Work to complete: Where the listing below reaches the line containing "112Pcs Hexagon Screws", start writing out lines exactly, and stop once the line containing "A breathtaking picture" has been written.

Task data:
*** Begin section ***

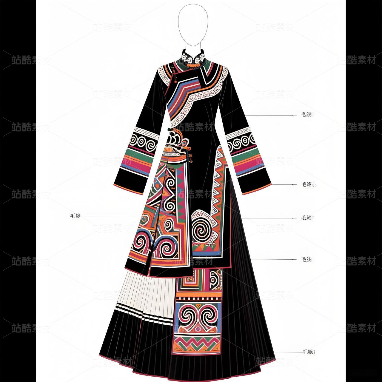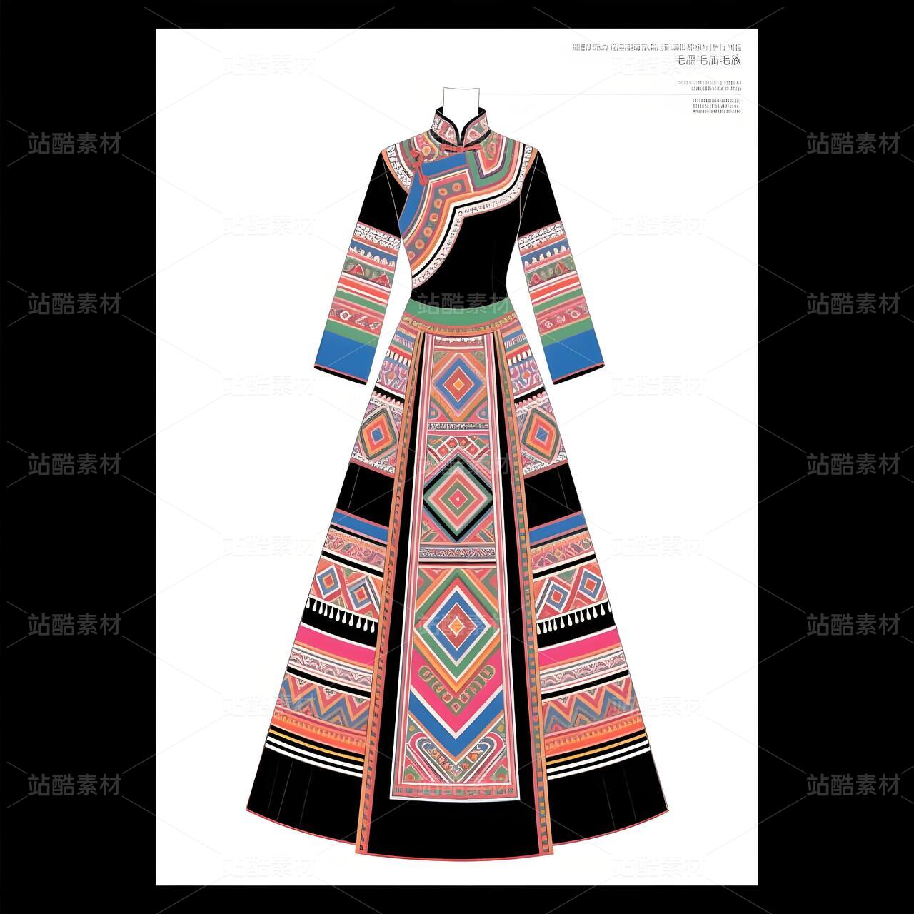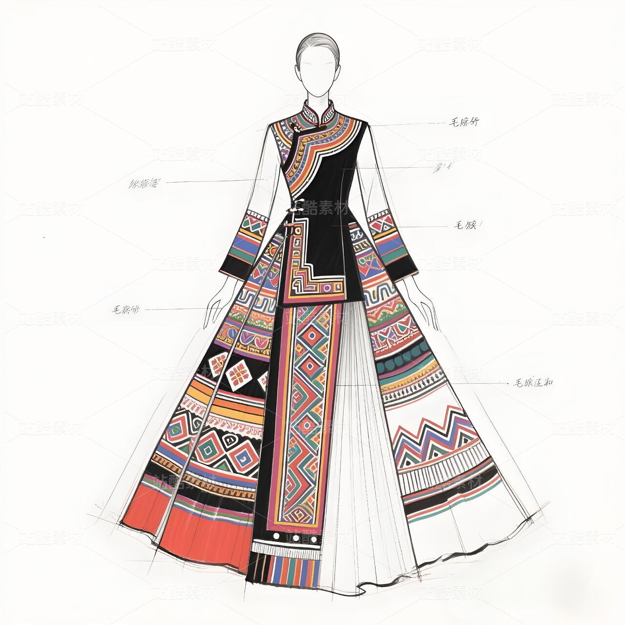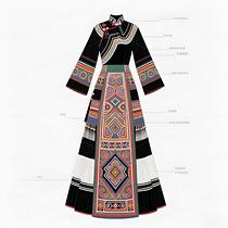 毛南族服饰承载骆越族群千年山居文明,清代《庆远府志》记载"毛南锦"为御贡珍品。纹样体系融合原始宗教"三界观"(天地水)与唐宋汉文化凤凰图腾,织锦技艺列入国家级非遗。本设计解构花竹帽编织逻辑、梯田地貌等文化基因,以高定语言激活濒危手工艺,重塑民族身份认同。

*** End section ***
*** Begin section ***

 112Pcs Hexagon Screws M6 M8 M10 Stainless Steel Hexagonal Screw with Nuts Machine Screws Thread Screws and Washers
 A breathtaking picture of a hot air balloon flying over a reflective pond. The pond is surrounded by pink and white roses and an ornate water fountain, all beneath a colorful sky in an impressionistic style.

*** End section ***
*** Begin section ***

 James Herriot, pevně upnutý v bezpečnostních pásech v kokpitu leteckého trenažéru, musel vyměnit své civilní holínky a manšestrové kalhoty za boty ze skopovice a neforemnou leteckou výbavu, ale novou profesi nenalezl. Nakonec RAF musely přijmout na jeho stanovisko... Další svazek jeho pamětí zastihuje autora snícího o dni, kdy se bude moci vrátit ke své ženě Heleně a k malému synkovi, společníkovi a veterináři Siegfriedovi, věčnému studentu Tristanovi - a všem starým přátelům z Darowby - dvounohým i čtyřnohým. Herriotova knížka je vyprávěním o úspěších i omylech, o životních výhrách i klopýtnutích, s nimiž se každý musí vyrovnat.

*** End section ***

Exercise result:
 112Pcs Hexagon Screws M6 M8 M10 Stainless Steel Hexagonal Screw with Nuts Machine Screws Thread Screws and Washers
 A breathtaking picture of a hot air balloon flying over a reflective pond. The pond is surrounded by pink and white roses and an ornate water fountain, all beneath a colorful sky in an impressionistic style.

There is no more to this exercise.